▸ Directions for this task
What you return should match the data below exactly, with no pictures in it.

▸ Data shown

————————

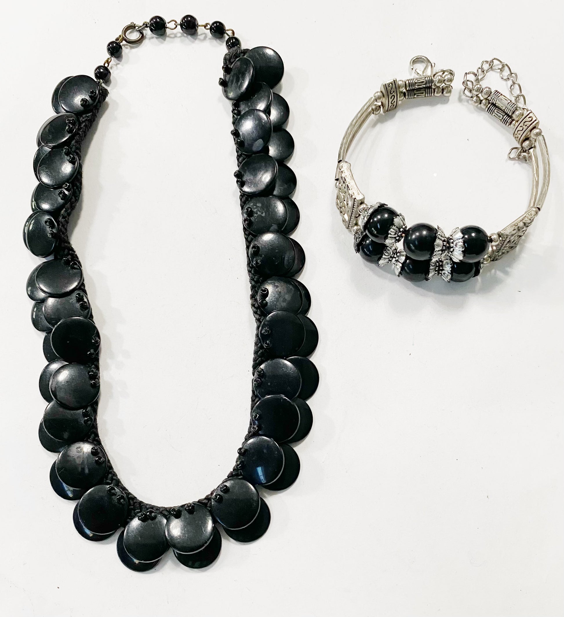 This elegant black choker necklace and matching bracelet will most definitely give you an edgy look.
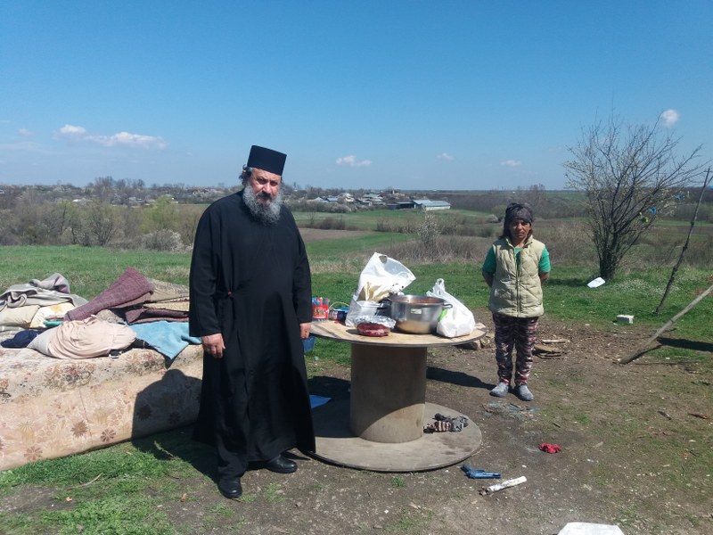 Părintele protosinghel Casian Crețu, starețul Mănăstirii Glavacioc, a venit în ajutorul unei familii defavorizate social, dăruind hrană caldă
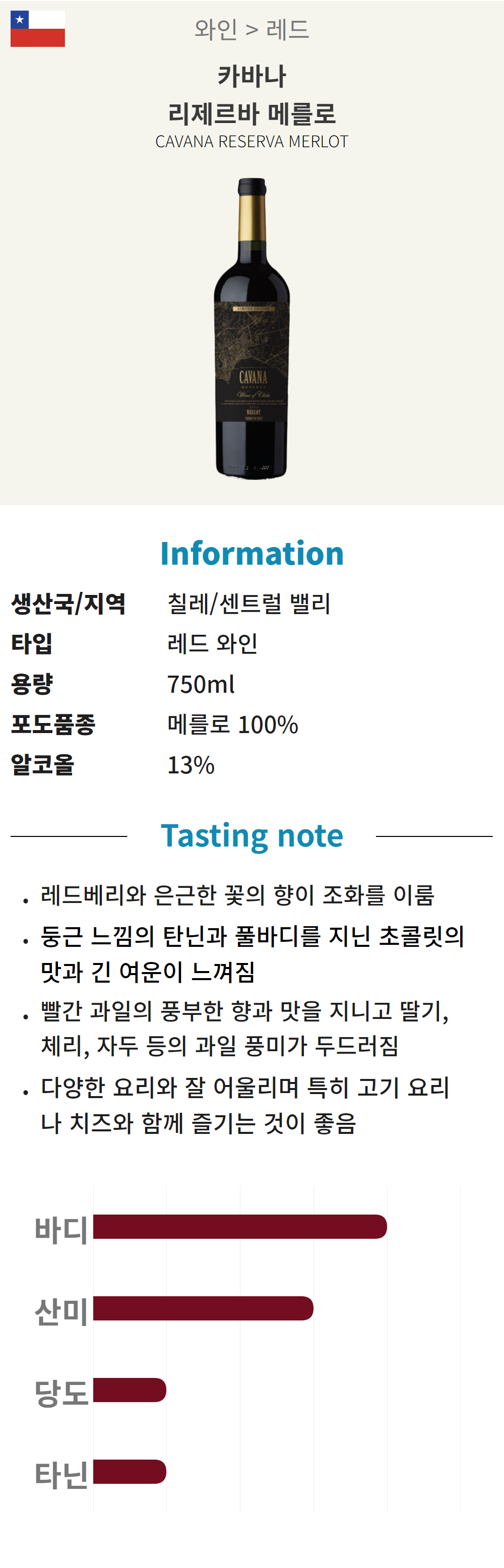 카바나 레세르바 메를로 (칠레/산미/레드)

————————

▸ Result
 This elegant black choker necklace and matching bracelet will most definitely give you an edgy look.
 Părintele protosinghel Casian Crețu, starețul Mănăstirii Glavacioc, a venit în ajutorul unei familii defavorizate social, dăruind hrană caldă
 카바나 레세르바 메를로 (칠레/산미/레드)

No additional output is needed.